Chalita sugere que Serra dê espaço a novos no PSDB

O deputado federal e candidato derrotado à Prefeitura de São Paulo, Gabriel Chalita (PMDB), sugeriu na manhã deste domingo que seu rival, o candidato José Serra (PSDB), abra espaço para que novos políticos tucanos disputem eleições no Estado.

ÁLVARO CAMPOS, Agência Estado

28 de outubro de 2012 | 12h41

"Eu acho que o Serra sai menor do que entrou nesta eleição. O PSDB poderia ter escolhido um nome novo para São Paulo. É um partido importante para o Brasil que não deixa um nome novo surgir nunca. É uma questão natural alguém que já foi governador, que já foi prefeito, dizer: ''Olha, agora vamos deixar outro participar''", afirmou Chalita, ao chegar para votar no Colégio Nossa Senhora de Sion, em Higienópolis, zona oeste da capital.

Questionado se a sugestão a Serra era de aposentaria, Chalita afirmou que não iria dizer que o tucano deve se aposentar, mas afirmou que é sempre bom deixar um novo nome surgir.

O deputado também criticou o tucano pela campanha agressiva durante o segundo turno, na qual o PSDB levantou temas que não estão relacionados diretamente à administração da cidade de São Paulo. "São temas que não têm nada a ver com São Paulo, como o kit gay e o mensalão.
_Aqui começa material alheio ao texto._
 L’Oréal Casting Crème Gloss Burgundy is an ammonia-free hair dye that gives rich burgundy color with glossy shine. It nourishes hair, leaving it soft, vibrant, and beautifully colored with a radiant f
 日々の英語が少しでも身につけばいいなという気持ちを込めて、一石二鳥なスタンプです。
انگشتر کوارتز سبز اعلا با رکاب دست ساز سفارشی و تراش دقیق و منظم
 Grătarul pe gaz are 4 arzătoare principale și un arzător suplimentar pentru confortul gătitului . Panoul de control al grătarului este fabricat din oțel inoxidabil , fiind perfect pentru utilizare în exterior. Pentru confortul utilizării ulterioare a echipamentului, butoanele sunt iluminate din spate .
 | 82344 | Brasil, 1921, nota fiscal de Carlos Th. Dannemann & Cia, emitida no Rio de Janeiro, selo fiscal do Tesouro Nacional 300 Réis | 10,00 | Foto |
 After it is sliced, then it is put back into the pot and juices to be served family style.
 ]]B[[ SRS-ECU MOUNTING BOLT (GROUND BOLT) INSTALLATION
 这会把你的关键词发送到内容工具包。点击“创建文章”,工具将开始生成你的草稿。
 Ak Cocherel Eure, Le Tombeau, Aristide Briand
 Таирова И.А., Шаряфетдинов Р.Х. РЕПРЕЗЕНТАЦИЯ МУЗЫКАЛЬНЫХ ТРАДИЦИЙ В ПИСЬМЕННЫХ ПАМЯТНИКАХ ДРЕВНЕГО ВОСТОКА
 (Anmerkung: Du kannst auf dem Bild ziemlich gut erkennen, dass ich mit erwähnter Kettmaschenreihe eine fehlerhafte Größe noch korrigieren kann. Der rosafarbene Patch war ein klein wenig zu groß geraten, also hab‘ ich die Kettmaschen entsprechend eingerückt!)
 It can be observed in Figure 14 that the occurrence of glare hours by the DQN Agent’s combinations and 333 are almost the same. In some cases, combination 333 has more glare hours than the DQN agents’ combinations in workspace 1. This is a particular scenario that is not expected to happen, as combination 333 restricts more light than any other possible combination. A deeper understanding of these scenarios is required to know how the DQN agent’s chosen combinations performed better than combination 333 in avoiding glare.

Em relação ao mensalão, é claro que todos queremos ver um resultado de limpeza para o Brasil. Toda a área de corrupção tem que ser banida, mas misturar uma coisa com outra não tem nada a ver", afirmou.

Chalita disse que ficou feliz por poder participar da campanha do candidato do PT, Fernando Haddad, mas disse que não vai assumir nenhum cargo em um eventual governo petista na capital paulista. "Não vou participar de um possível governo Haddad. Eu vou ajudar fazendo uma ponte com o Congresso", afirmou.

O deputado comentou também que, se pudesse dar um conselho a Haddad, orientaria o petista a escolher nomes técnicos para sua administração. "Diria o seguinte: escolha os melhores técnicos, independentemente de partido. Se tiver gente boa do PSDB, traga. Se tiver gente boa do PT, traga também", disse.

Questionado se PT e PMDB estarão separados no primeiro turno da disputa pelo governo do Estado em 2014, Chalita disse que a eleição estadual ainda está longe, mas não descartou uma eventual candidatura peemedebista ao Palácio dos Bandeirantes. "Político está aí para disputar eleição", ressaltou.

Segundo a assessoria, Chalita deve acompanhar o vice-presidente da República, Michel Temer, que vota na Pontifícia Universidade Católica de São Paulo (PUC-SP), em Perdizes, zona oeste da capital paulista. Ainda não está decidido onde Chalita vai acompanhar a apuração.